(Task requirements): Your output should be the lines from the one containing "Welcome to 'Cadillac" through the end of the listing, exact and inclusive, with no pictures.

(Dataset excerpt):
──────────────────────────────
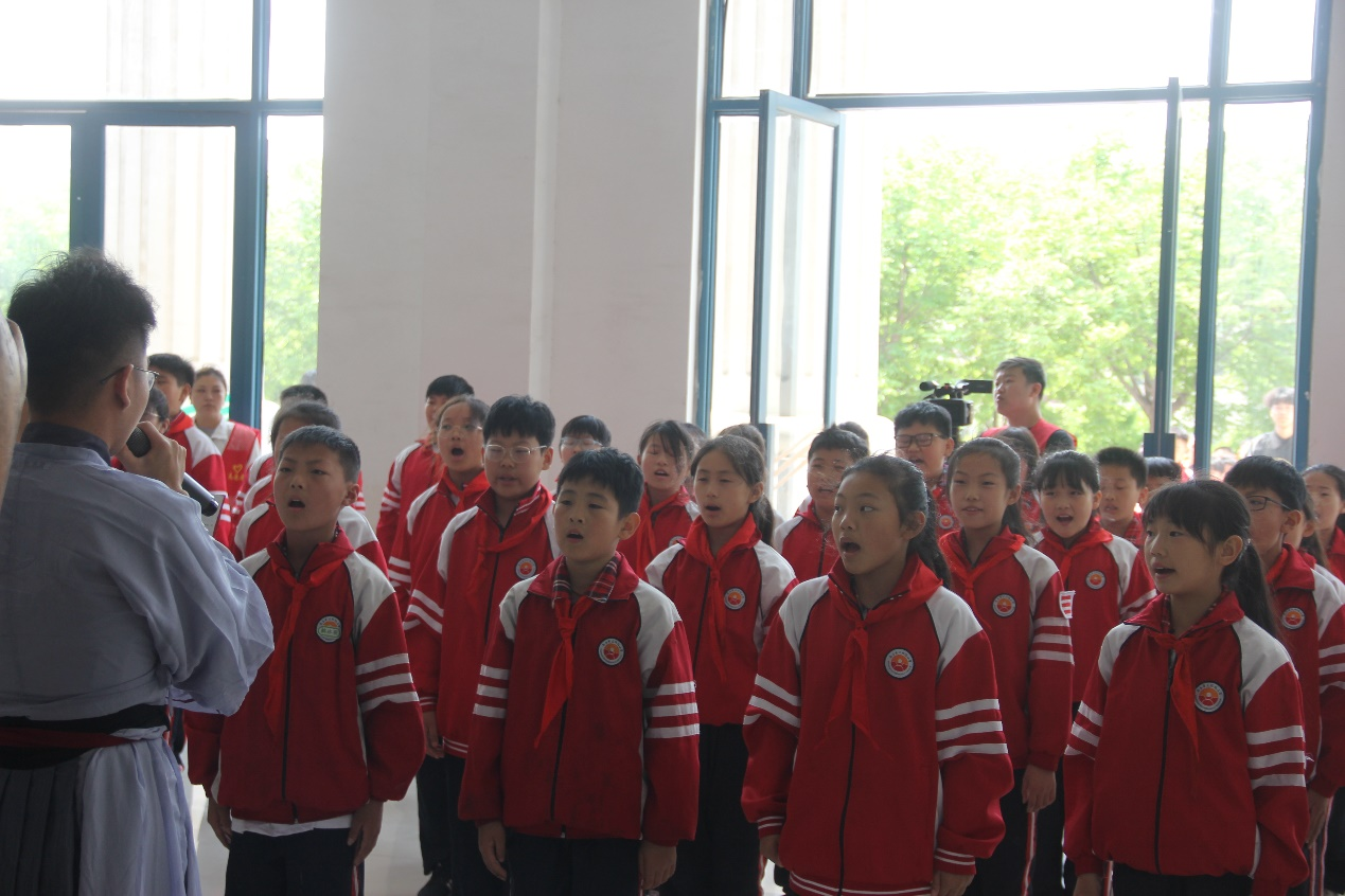 第二环节“应天书院拜师礼”,在我院陈佳伟同学的引领下,300余名小学生共行拜师礼,齐诵孔子名言,学习君子品格,传承中华优秀传统文化。
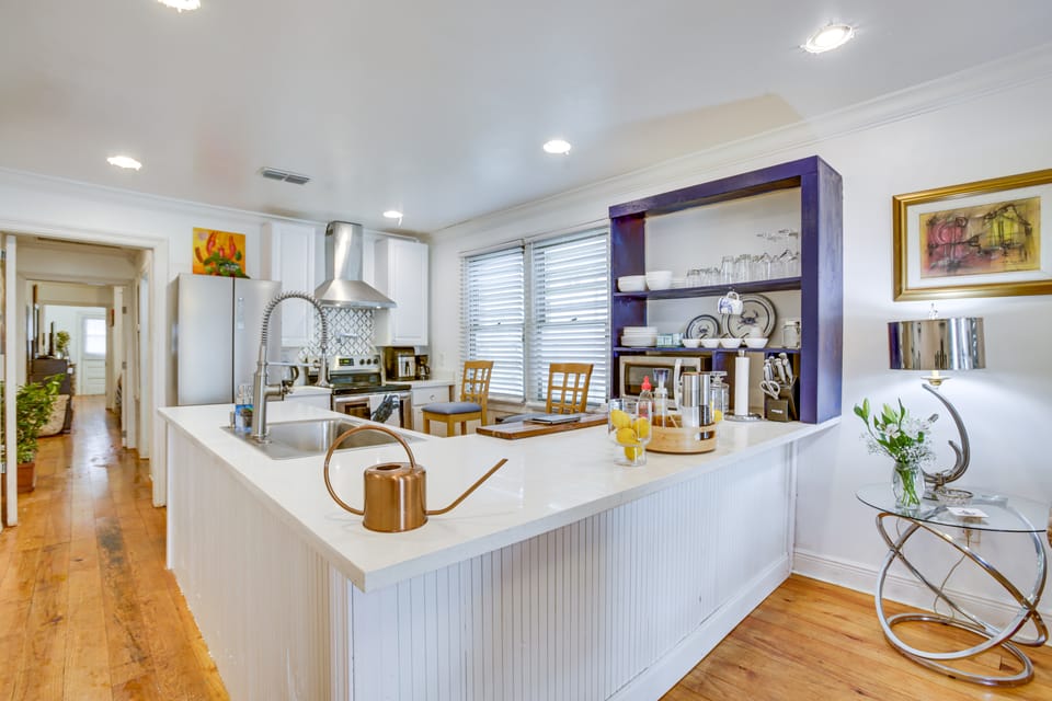 Welcome to 'Cadillac Cottage,' a vacation rental in New Orleans! Boasting an eclectic blend of vintage and modern furnishings, a vast artwork collection, and an airy open-concept kitchen, this 2-bed, 1-bath home exudes the vibrancy that this destination is known for. Whether you're planning to visit City Park, explore the sights and sounds of Bourbon Street at the core of the French Quarter, or embark on a waterfront adventure from Bayou St. John, you'll be able to do so from here. Book now!
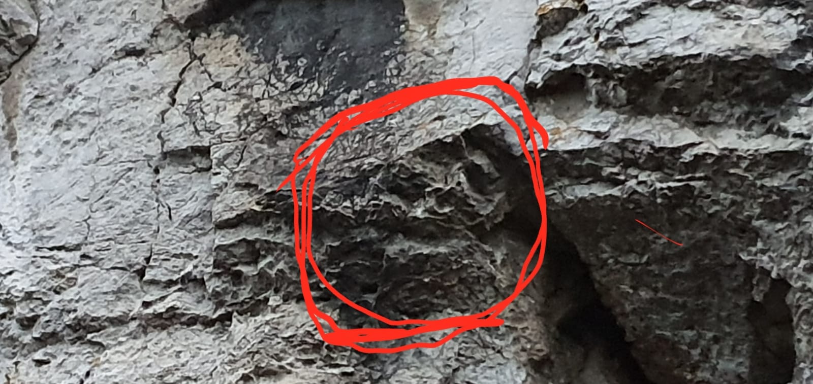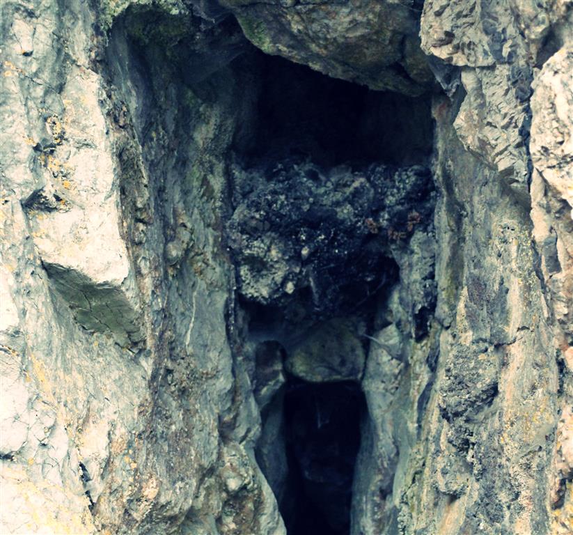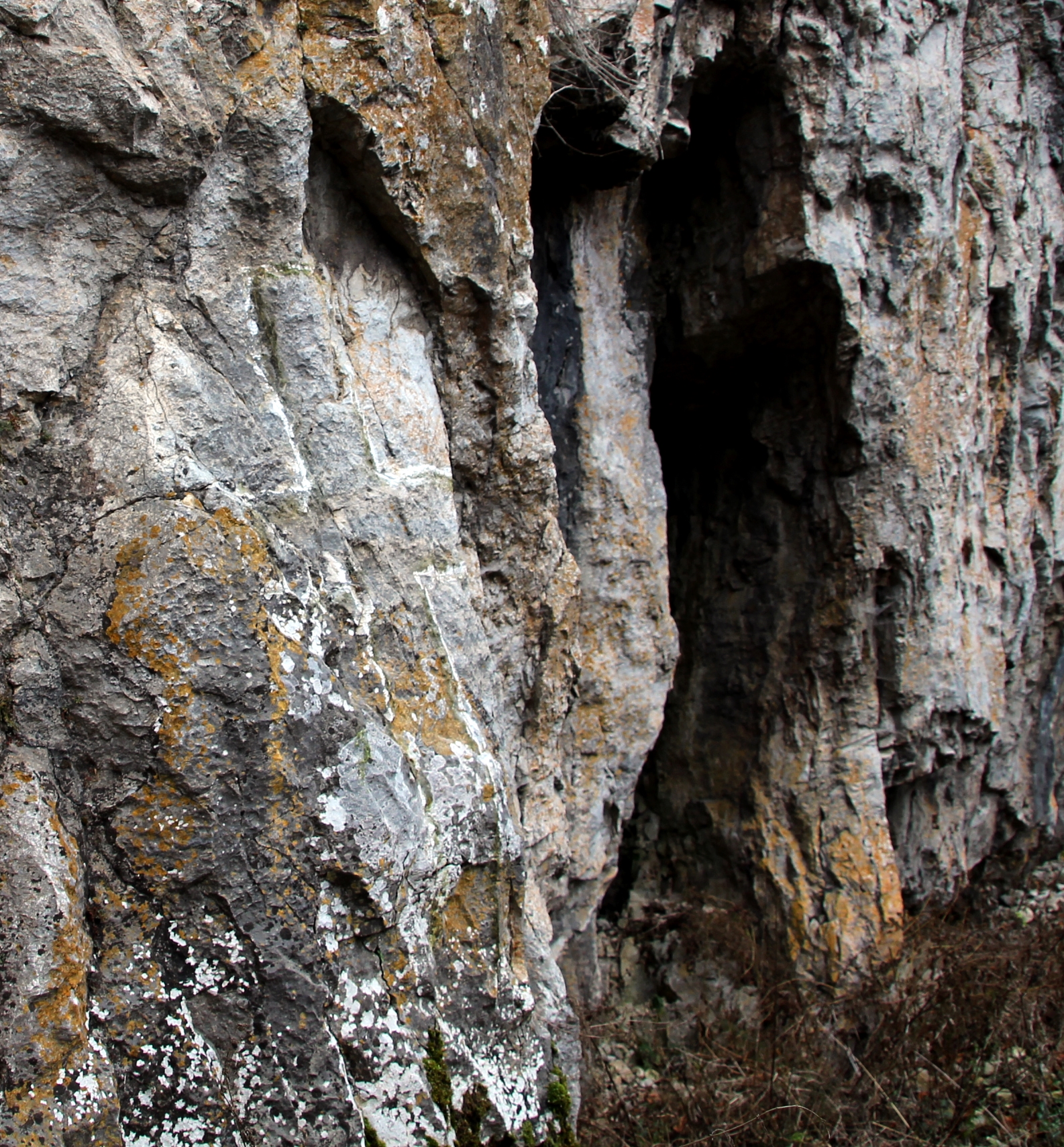 Arată cu mâna către stâncă: „Jos era o intrare pe care oamenii au astupat-o, alături era o altă fereastră, dincolo e intrarea mare, apoi este fereastra mare de sus, care se vede de departe. Aici în stâncă se vede perfect intrarea şi, de-a lungul timpului, localnicii au aruncat pietre şi efectiv au astupat gura.
──────────────────────────────
(Solution for this exercise):
 Welcome to 'Cadillac Cottage,' a vacation rental in New Orleans! Boasting an eclectic blend of vintage and modern furnishings, a vast artwork collection, and an airy open-concept kitchen, this 2-bed, 1-bath home exudes the vibrancy that this destination is known for. Whether you're planning to visit City Park, explore the sights and sounds of Bourbon Street at the core of the French Quarter, or embark on a waterfront adventure from Bayou St. John, you'll be able to do so from here. Book now!
 Arată cu mâna către stâncă: „Jos era o intrare pe care oamenii au astupat-o, alături era o altă fereastră, dincolo e intrarea mare, apoi este fereastra mare de sus, care se vede de departe. Aici în stâncă se vede perfect intrarea şi, de-a lungul timpului, localnicii au aruncat pietre şi efectiv au astupat gura.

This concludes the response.